*Exercise aim:* Please write out exactly, without any picture, each line from the first in the listing through the line that includes "sido un absoluto".

*Available data:*
※
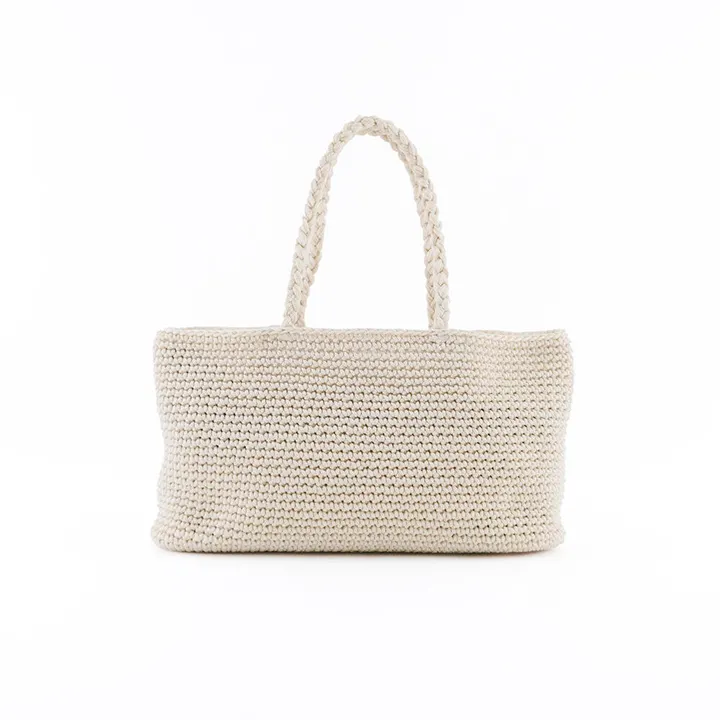 軽くて出し入れしやすい ハンドクロシェの横長トート NT(ナチュラル)
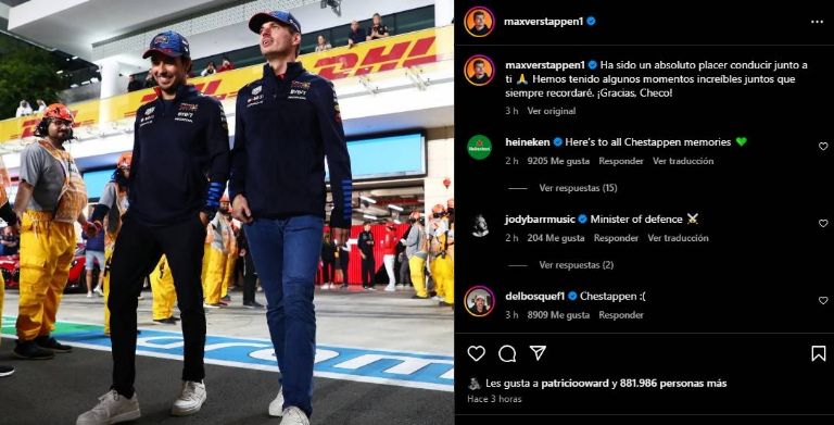 “Ha sido un absoluto placer conducir a tu lado. Hemos tenido algunos momentos increíbles y siempre lo recordaré. Gracias Checo”, escribió Verstappen
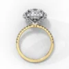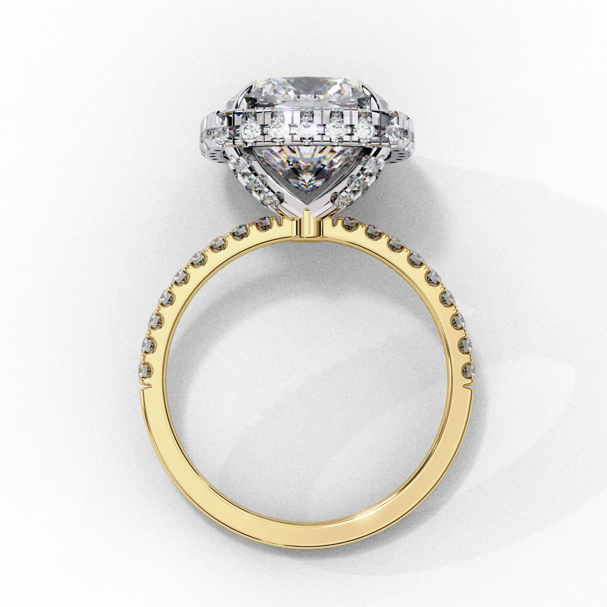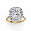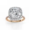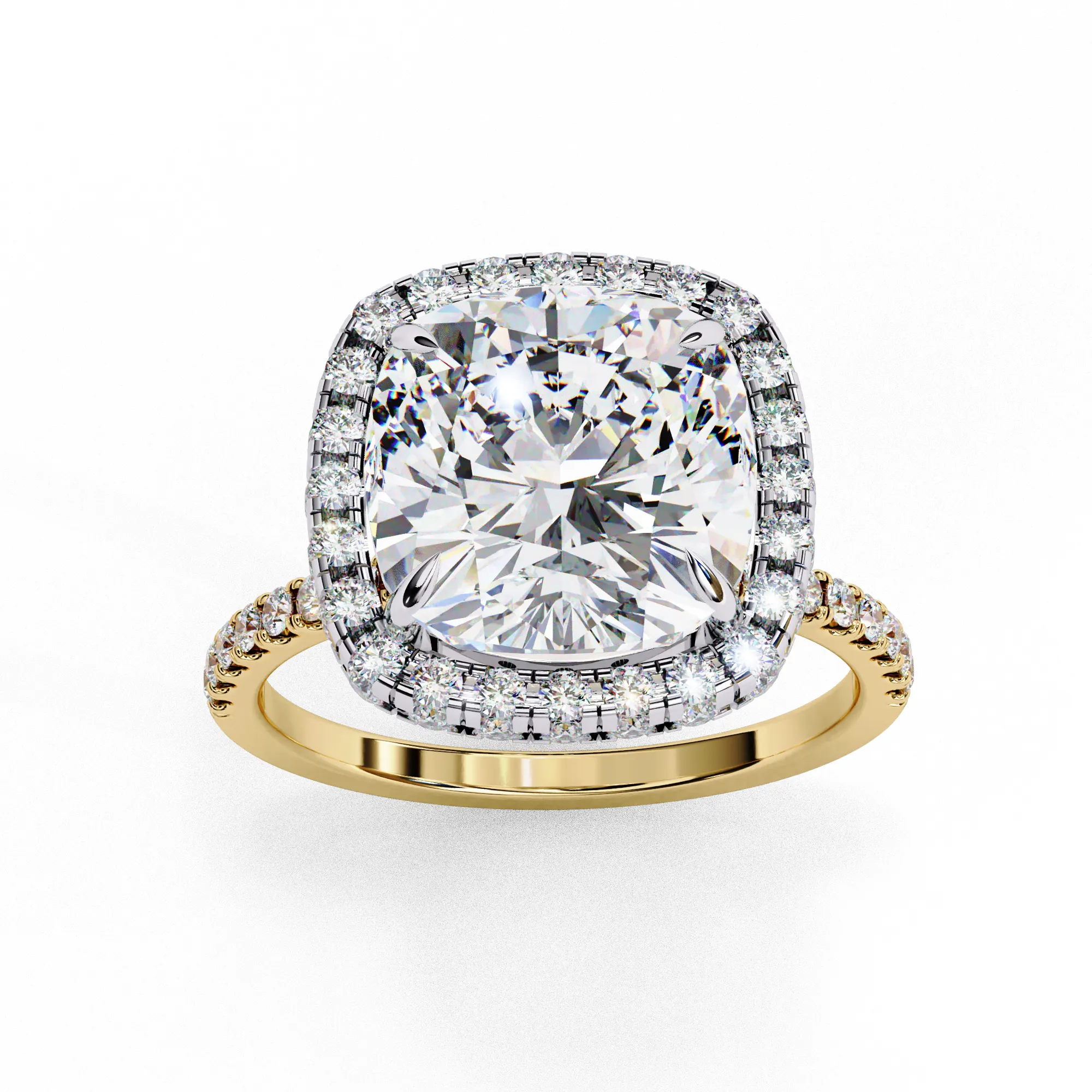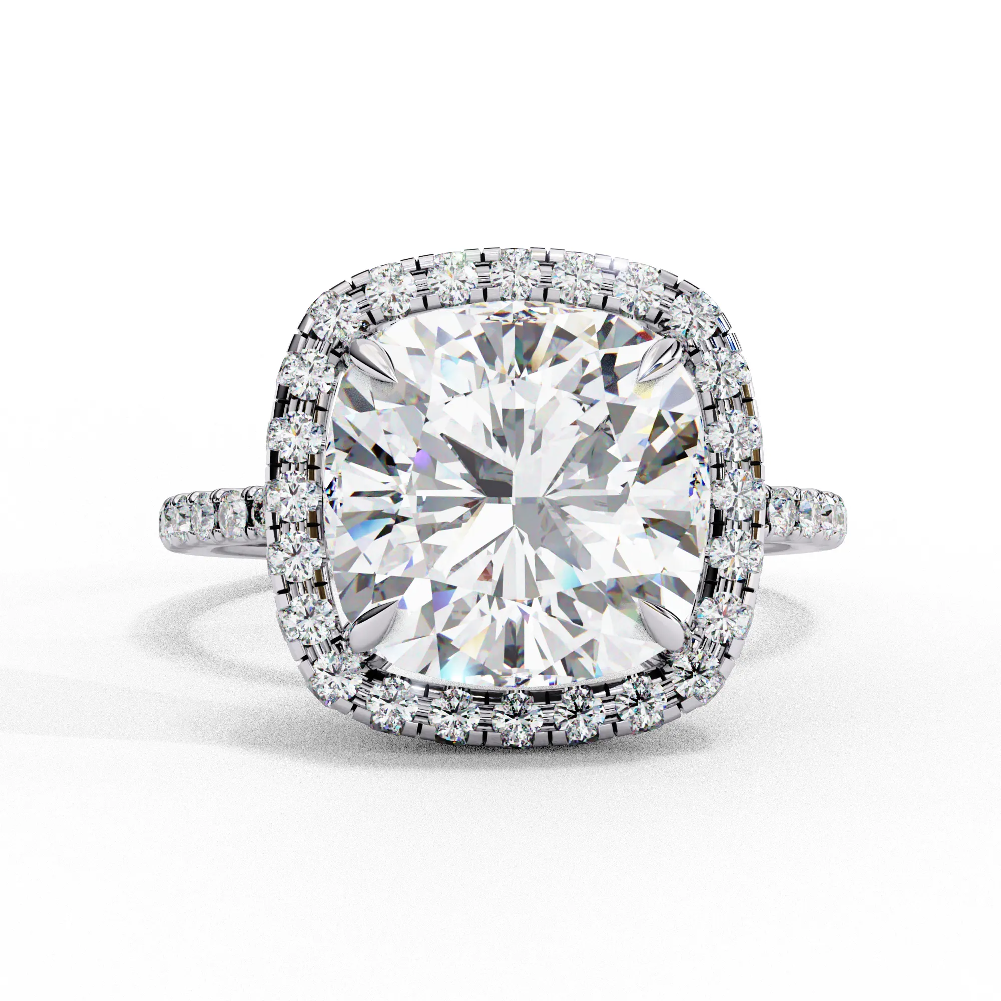 This cushion-cut halo engagement ring showcases a bold, brilliantly faceted center stone framed by a double halo that enhances its size and radiance. The elevated, intricately detailed gallery adds a luxurious architectural touch, allowing light to reflect beautifully from every angle.
※
*Your solution:*
 軽くて出し入れしやすい ハンドクロシェの横長トート NT(ナチュラル)
 “Ha sido un absoluto placer conducir a tu lado. Hemos tenido algunos momentos increíbles y siempre lo recordaré. Gracias Checo”, escribió Verstappen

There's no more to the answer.